Start of MATERIAL PROVIDED

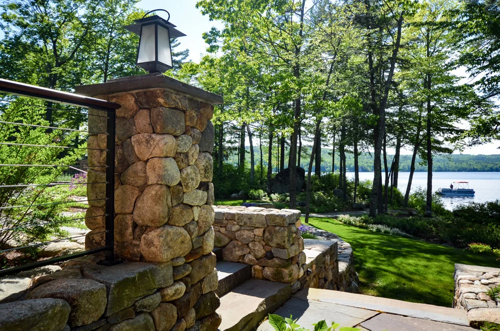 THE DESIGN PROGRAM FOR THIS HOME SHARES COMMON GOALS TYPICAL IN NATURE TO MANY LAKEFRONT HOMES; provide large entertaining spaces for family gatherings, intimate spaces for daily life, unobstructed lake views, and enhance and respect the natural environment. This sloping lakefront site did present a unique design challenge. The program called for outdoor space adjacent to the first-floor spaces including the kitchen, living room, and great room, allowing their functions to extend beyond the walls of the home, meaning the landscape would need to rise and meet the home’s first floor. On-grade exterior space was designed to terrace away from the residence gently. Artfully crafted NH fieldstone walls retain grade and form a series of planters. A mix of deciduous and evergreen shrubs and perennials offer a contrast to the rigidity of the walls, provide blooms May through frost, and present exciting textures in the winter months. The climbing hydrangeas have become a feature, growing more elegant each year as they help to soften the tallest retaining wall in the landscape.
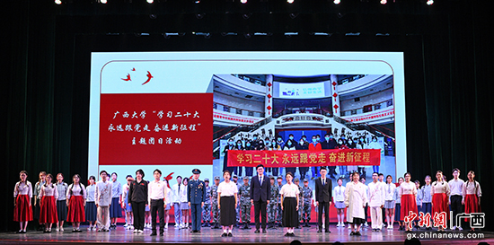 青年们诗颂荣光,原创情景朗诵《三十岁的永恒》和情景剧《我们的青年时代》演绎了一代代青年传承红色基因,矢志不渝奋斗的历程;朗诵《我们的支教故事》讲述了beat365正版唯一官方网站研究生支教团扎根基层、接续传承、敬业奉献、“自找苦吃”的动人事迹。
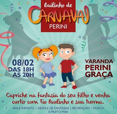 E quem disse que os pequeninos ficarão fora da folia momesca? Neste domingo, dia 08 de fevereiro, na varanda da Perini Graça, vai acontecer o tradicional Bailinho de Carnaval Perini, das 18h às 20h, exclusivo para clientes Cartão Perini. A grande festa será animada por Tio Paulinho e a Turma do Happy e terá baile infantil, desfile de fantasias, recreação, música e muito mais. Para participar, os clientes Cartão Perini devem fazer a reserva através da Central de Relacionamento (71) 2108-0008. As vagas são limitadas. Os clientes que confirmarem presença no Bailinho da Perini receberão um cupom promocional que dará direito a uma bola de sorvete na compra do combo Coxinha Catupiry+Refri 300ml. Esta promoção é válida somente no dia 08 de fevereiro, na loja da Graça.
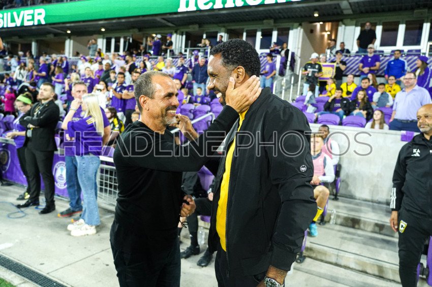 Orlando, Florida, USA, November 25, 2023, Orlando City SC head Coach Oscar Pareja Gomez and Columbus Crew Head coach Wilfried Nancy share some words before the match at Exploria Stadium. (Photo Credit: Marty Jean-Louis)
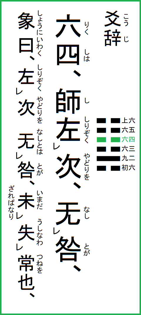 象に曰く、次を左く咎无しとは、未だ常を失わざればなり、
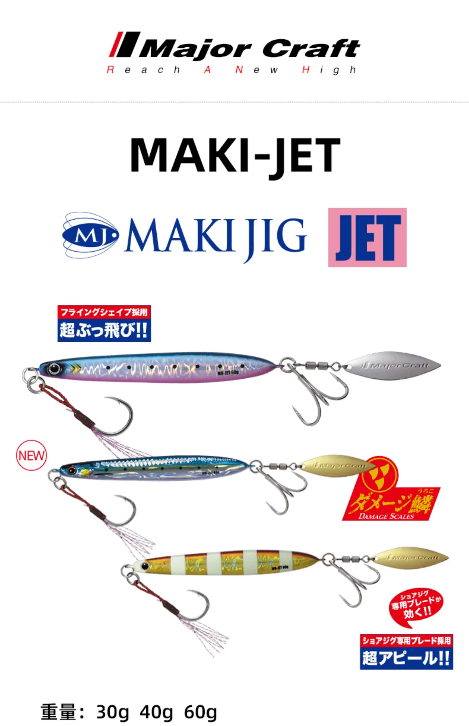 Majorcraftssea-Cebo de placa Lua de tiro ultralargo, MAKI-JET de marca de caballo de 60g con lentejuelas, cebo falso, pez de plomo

End of MATERIAL PROVIDED
Start of MATERIAL PROVIDED

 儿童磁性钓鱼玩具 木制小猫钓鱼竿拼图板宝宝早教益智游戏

End of MATERIAL PROVIDED
Start of MATERIAL PROVIDED

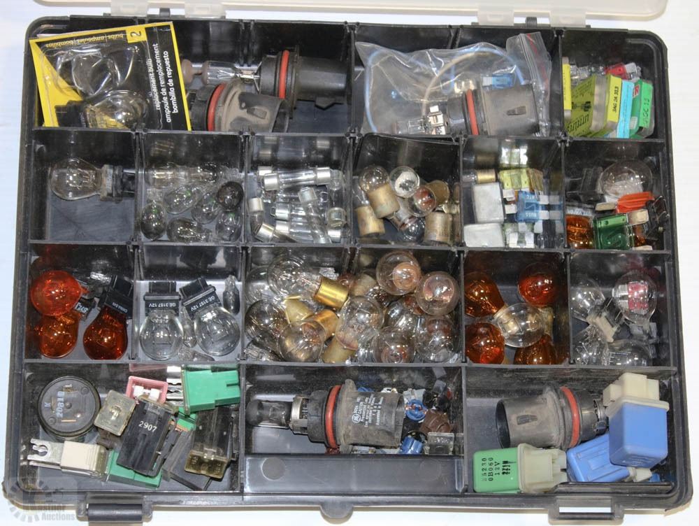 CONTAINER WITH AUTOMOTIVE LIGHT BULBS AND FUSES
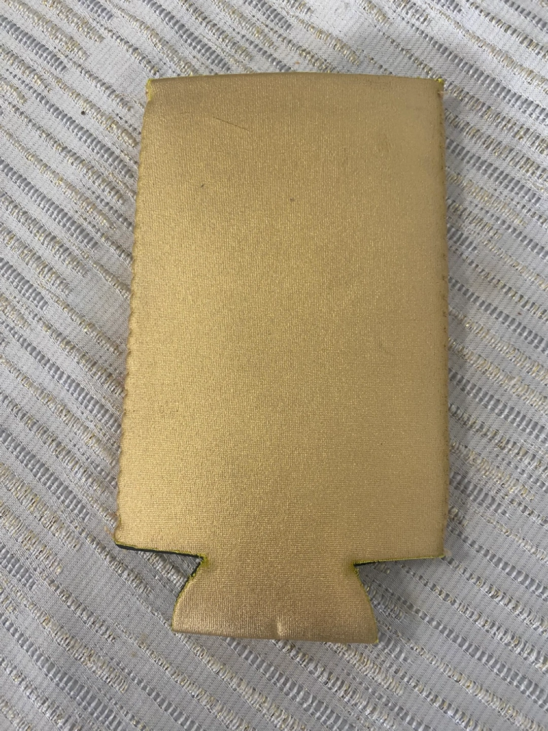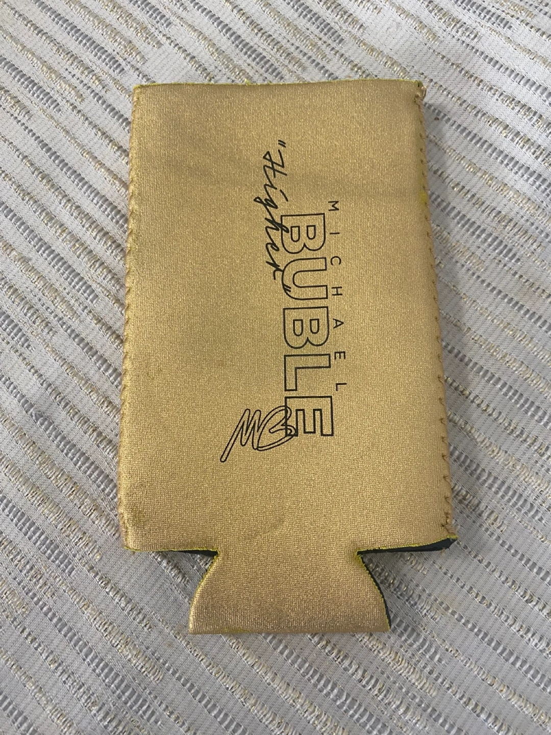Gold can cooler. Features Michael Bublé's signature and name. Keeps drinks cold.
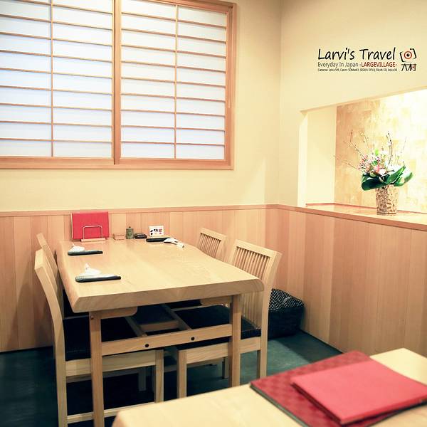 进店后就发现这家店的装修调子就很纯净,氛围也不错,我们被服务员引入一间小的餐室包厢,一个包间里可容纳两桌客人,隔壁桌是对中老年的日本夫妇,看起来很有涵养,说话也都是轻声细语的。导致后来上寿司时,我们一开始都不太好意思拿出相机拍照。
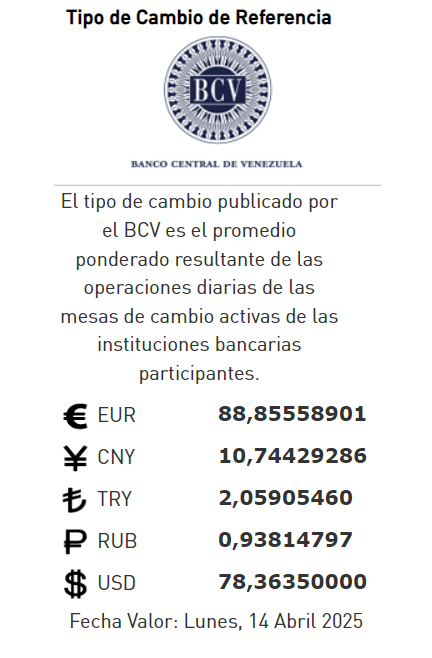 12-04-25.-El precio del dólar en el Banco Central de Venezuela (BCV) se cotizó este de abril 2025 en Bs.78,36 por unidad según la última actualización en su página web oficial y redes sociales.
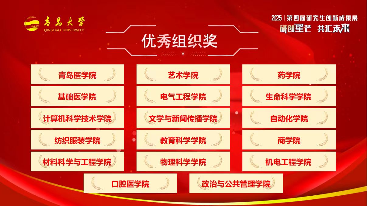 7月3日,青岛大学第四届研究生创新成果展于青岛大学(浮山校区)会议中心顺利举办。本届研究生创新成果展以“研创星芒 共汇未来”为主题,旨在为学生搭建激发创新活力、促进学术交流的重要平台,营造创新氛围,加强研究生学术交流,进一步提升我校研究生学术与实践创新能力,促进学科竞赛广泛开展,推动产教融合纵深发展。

End of MATERIAL PROVIDED

**PROBLEM TO WORK ON**
Your task is to copy only the lines above starting at the one containing "CONTAINER WITH AUTOMOTIVE" and ending at the one containing "12-04-25.-El precio del". Copy them exactly, both ends included, and omit the pictures.

**PROBLEM SOLUTION**
 CONTAINER WITH AUTOMOTIVE LIGHT BULBS AND FUSES
Gold can cooler. Features Michael Bublé's signature and name. Keeps drinks cold.
 进店后就发现这家店的装修调子就很纯净,氛围也不错,我们被服务员引入一间小的餐室包厢,一个包间里可容纳两桌客人,隔壁桌是对中老年的日本夫妇,看起来很有涵养,说话也都是轻声细语的。导致后来上寿司时,我们一开始都不太好意思拿出相机拍照。
 12-04-25.-El precio del dólar en el Banco Central de Venezuela (BCV) se cotizó este de abril 2025 en Bs.78,36 por unidad según la última actualización en su página web oficial y redes sociales.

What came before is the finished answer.